- Original Cast Recording
- Music: Taliep Petersen
- Lyrics: David Kramer
- Book: David Kramer
- Basis: Memories of Salie Daniels
- Productions: 1996 Cape Town 1998 West End 1999 Broadway
- Awards: Laurence Olivier Award for Best New Musical

= Kat and the Kings =

South African musical

Kat and the Kings is a South African musical with a book and lyrics by David Kramer and music by Taliep Petersen.

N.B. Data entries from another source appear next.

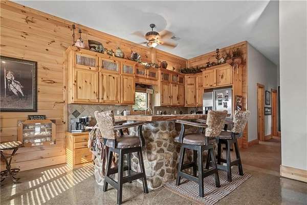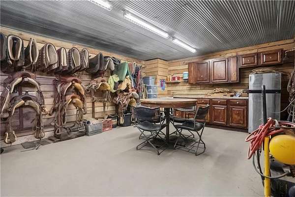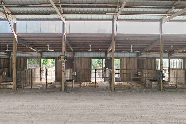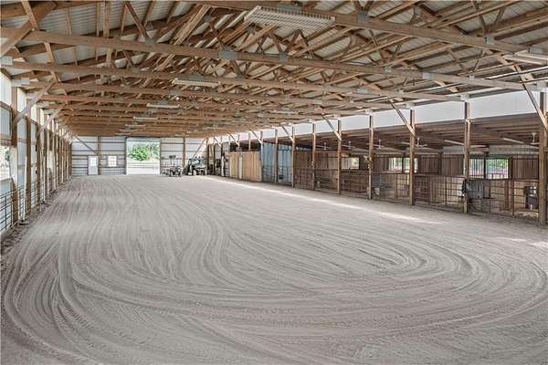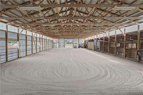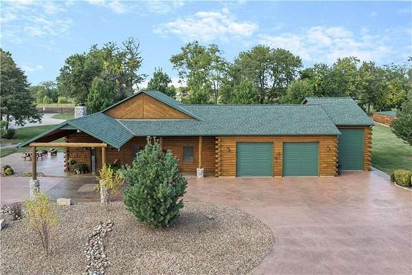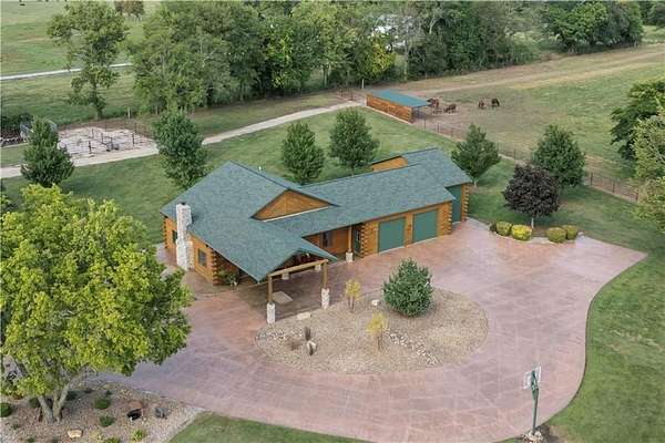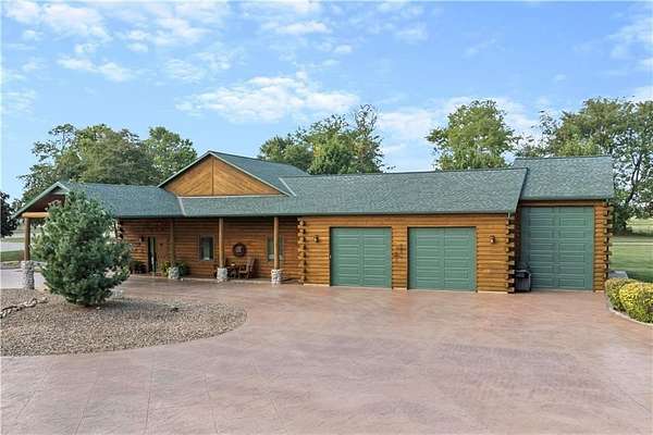 Welcome to a premier luxury equestrian estate where thoughtful design, pride of ownership, and refined country living come together seamlessly. Set on beautifully maintained acreage, this exceptional property features a meticulously cared-for log home paired with a well-equipped barn and purpose-built horse amenities-offering both comfort and functionality at the highest level. The log home showcases architectural stone detailing, cohesive cabinetry flowing through the kitchen, mudroom, and laundry, solid wood surfaces, distinctive hardware selections, and durable, low-maintenance finishes throughout. Covered porches, a stamped circular drive, and a three-car garage-including a dedicated tractor bay-create striking curb appeal while supporting everyday living. Equestrian facilities are equally impressive, with pipe-fenced pastures, shelters, automatic waterers, strategically placed hydrants, premium footing, and thoughtfully maintained grounds. Pastures have been consistently treated, fertilized, and recently reseeded with purpose-specific grasses, reflecting exceptional care and attention to detail. With trailer-ready electrical hookups, well-appointed feed and tack rooms, and close proximity to scenic riding trails, this property is designed to support both horse and owner in comfort and style. This is a rare opportunity to own a refined equestrian retreat where quality, care, and lifestyle truly stand apart.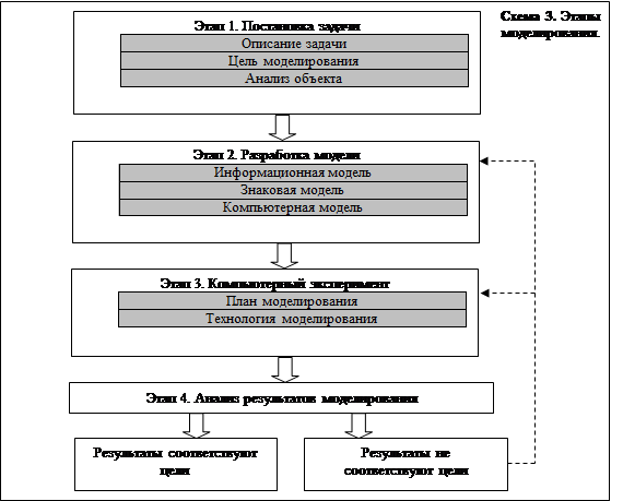 Постановка задачи · Описание задачи Задача (или проблема) формулируется на обычном языке, и описание должно быть понятным. Главное на этом этапе - определить объект моделирования и понять, что собой должен представлять результат. · Формулировка цели моделирования Целями моделирования могут быть: - познание окружающего мира; - создание объектов с заданными свойствами (эта цель соответствует постановке задачи "как сделать, чтобы…"); - определение последствий воздействия на объект и принятие правильного решения (эта цель соответствует постановке задачи "что будет, если…"); - определение эффективности управления объектом (процессом). · Анализ объекта На этом этапе, отталкиваясь от общей формулировки задачи, четко выделяют моделируемый объект и его основные свойства. Поскольку в большинстве случаев исходный объект - это целая совокупность более мелких составляющих, находящихся в некоторой взаимосвязи, то анализ объекта будет подразумевать разложение (расчленение) объекта с целью выявления составляющих и характера связей между ними. 2. Разработка модели · Информационная модель На этом этапе выявляются свойства, состояния и другие характеристики элементарных объектов, формируется представление об элементарных объектах, составляющих исходный объект, т.е. информационная модель. · Знаковая модель Информационная модель, как правило, представляется в той или иной знаковой форме, которая может быть либо компьютерной, либо некомпьютерной. · Компьютерная модель Существует большое количество программных комплексов, которые позволяют проводить исследование (моделирование) информационных моделей. Каждая среда имеет свой инструментарий и позволяет работать с определенными видами информационных объектов, что обуславливает проблему выбора наиболее удобной и эффективной среды для решения поставленной задачи. 3. Компьютерный эксперимент · План моделирования План моделирования должен отражать последовательность работы с моделью. Первыми пунктами в таком плане должны стоять разработка теста и тестирование модели. Тестирование - процесс проверки правильности модели. Тест - набор исходных данных, для которых заранее известен результат. В случае несовпадения тестовых значений необходимо искать и устранять причину. · Технология моделирования Технология моделирования - совокупность целенаправленных действий пользователя над компьютерной моделью. 4. Анализ результатов моделирования Конечная цель моделирования - принятие решения, которое должно быть выработано на основе всестороннего анализа полученных результатов. Этот этап решающий - либо исследование продолжается (возврат на 2 или 3 этапы), либо заканчивается. Основой для выработки решения служат результаты тестирования и экспериментов. Если результаты не соответствуют целям поставленной задачи, значит, допущены ошибки на предыдущих этапах. Это может быть слишком упрощенное построение информационной модели, либо неудачный выбор метода или среды моделирования, либо нарушение технологических приемов при построении модели. Если такие ошибки выявлены, то требуется редактирование модели, т.е. возврат к одному из предыдущих этапов. Процесс продолжается до тех пор, пока результаты моделирования не будут отвечать целям моделирования. При решении конкретной задачи какой-то из 
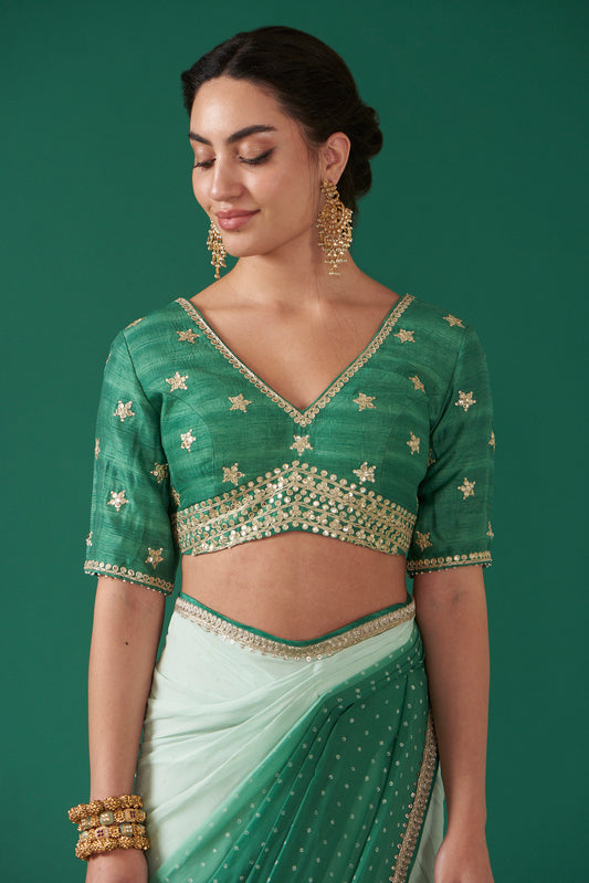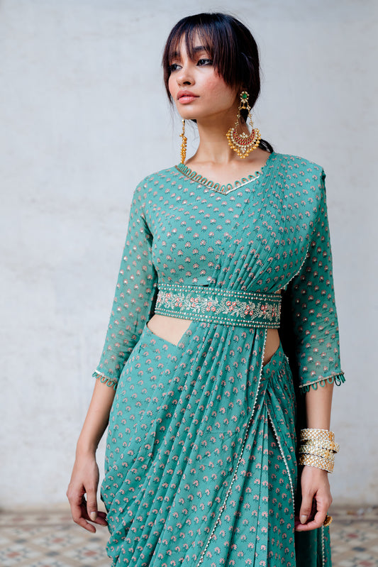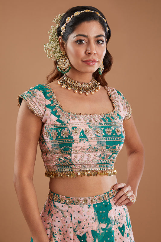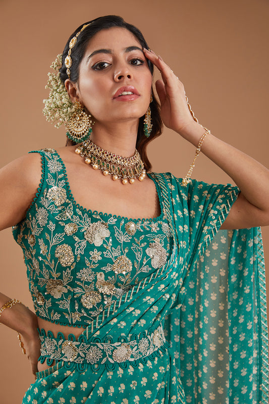 Green Silk Printed & Embroidered Concept Lehenga Set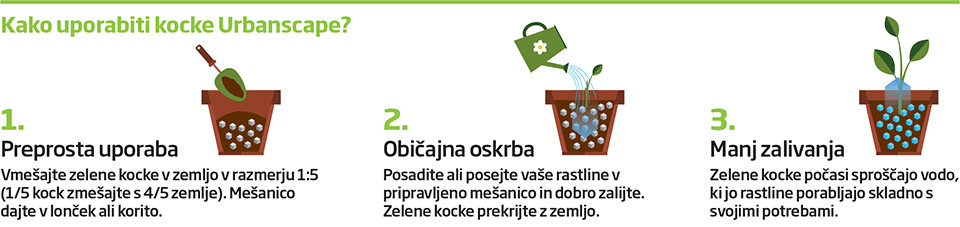 Za boljše zadrževanje in oskrbo z vodo zmešamo med zemljo Urbanscape zelene kocke.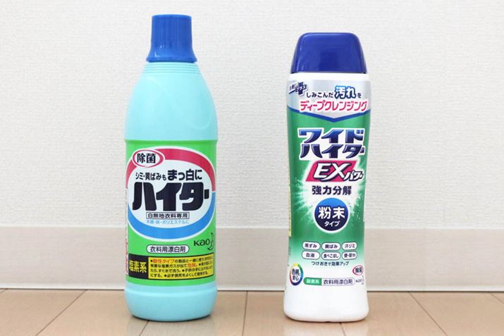 塩素系漂白剤(左)と酸素系漂白剤(右)。衣類用の漂白剤は専用の洗濯槽クリーナーより安価なうえ、残りを洗濯に使用できて一石二鳥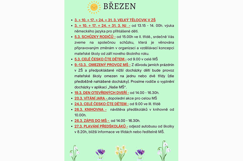 • 9.-13.3. OMEZENÝ PROVOZ MŠ - Z důvodu jarních prázdnin v ZŠ a předpokládané nižší docházky dětí bude provoz mateřské školy omezen na jednu nebo dvě třídy (dle předběžně nahlášené docházky). Prosíme rodiče o vyplnění docházky v aplikaci „Naše MŠ".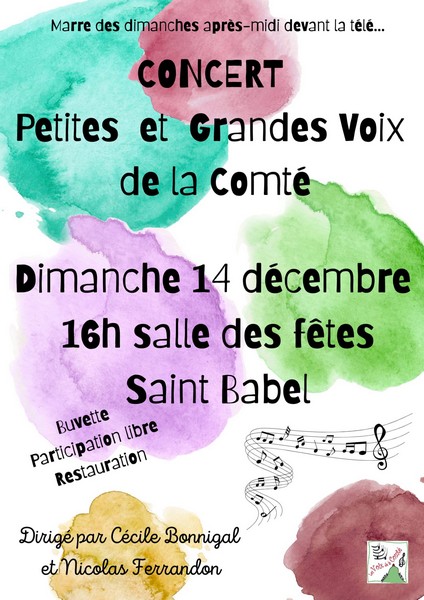 Il y aura de l'émotion à coup sûr pour ce concert qui réunira Petites et Grandes Voix de la Comté ! Plaisir de chanter ensemble et d'être dirigé par nos chefs adorés Cécile et Nicolas, puis moment convivial autour d'un verre... Tout sera réuni pour bien commencer cette période de fêtes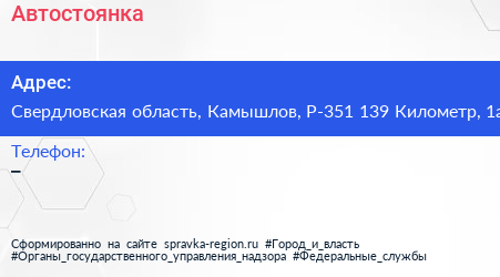 Автостоянка по адресу Свердловская область, Камышлов, Р-351 139 Километр, 1а в дальнейшем Организация, размещена в следующих категориях: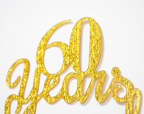 Qttier 60th Happy Birthday Cake Topper Anniversary Party Decoration Premium Quality Acrylic Gold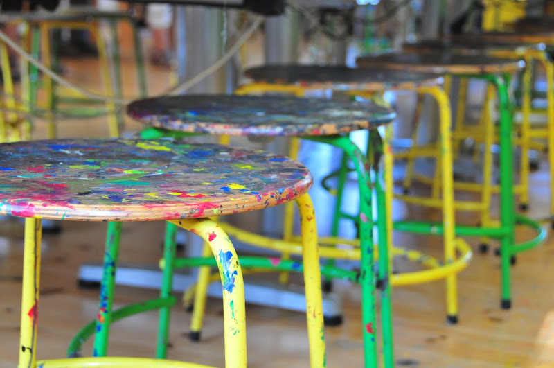 sabin and i painted this mural on the wall while she was home this summer and husband has done the rest of the painting. we used fancy handmade, non-toxic paint and it's really beautiful, though husband thought it was very hard to work with, so i'm not sure we'll be using it in the rest of the upstairs. the room is a bit minimalist at the moment, as we're still painting the two chests of drawers that we got second-hand and they're not quite finished.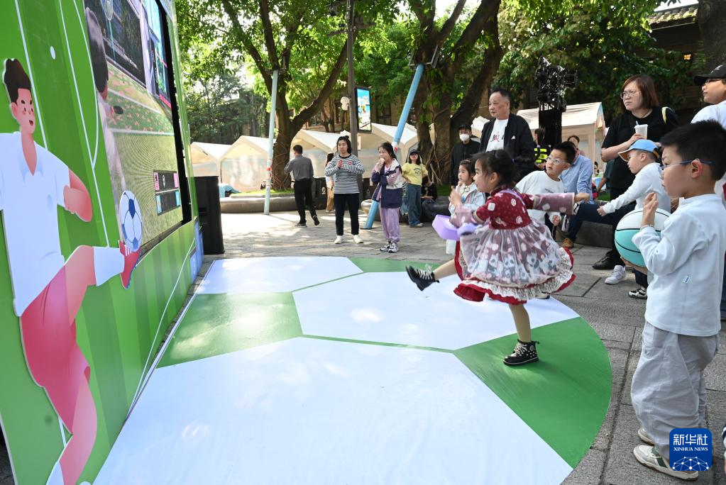 4月25日,小朋友在2026福州“五一”文旅主题活动现场开展数字足球体感互动。

Set in late-1950s South Africa, it focuses on teenager Kat Diamond, who believes he's the best singer and dancer in District Six, a multi-racial slum in Cape Town. With his friends Ballie, Magoo, Bingo, and Lucy, he forms the a cappella group the Cavalla Kings, and the quintet - emulating the American doo wop and rock and roll they adore - becomes a sensation, graduating from street corners to "whites only" nightclubs (where the dictates of apartheid force them to use the rear entrance) and a recording contract.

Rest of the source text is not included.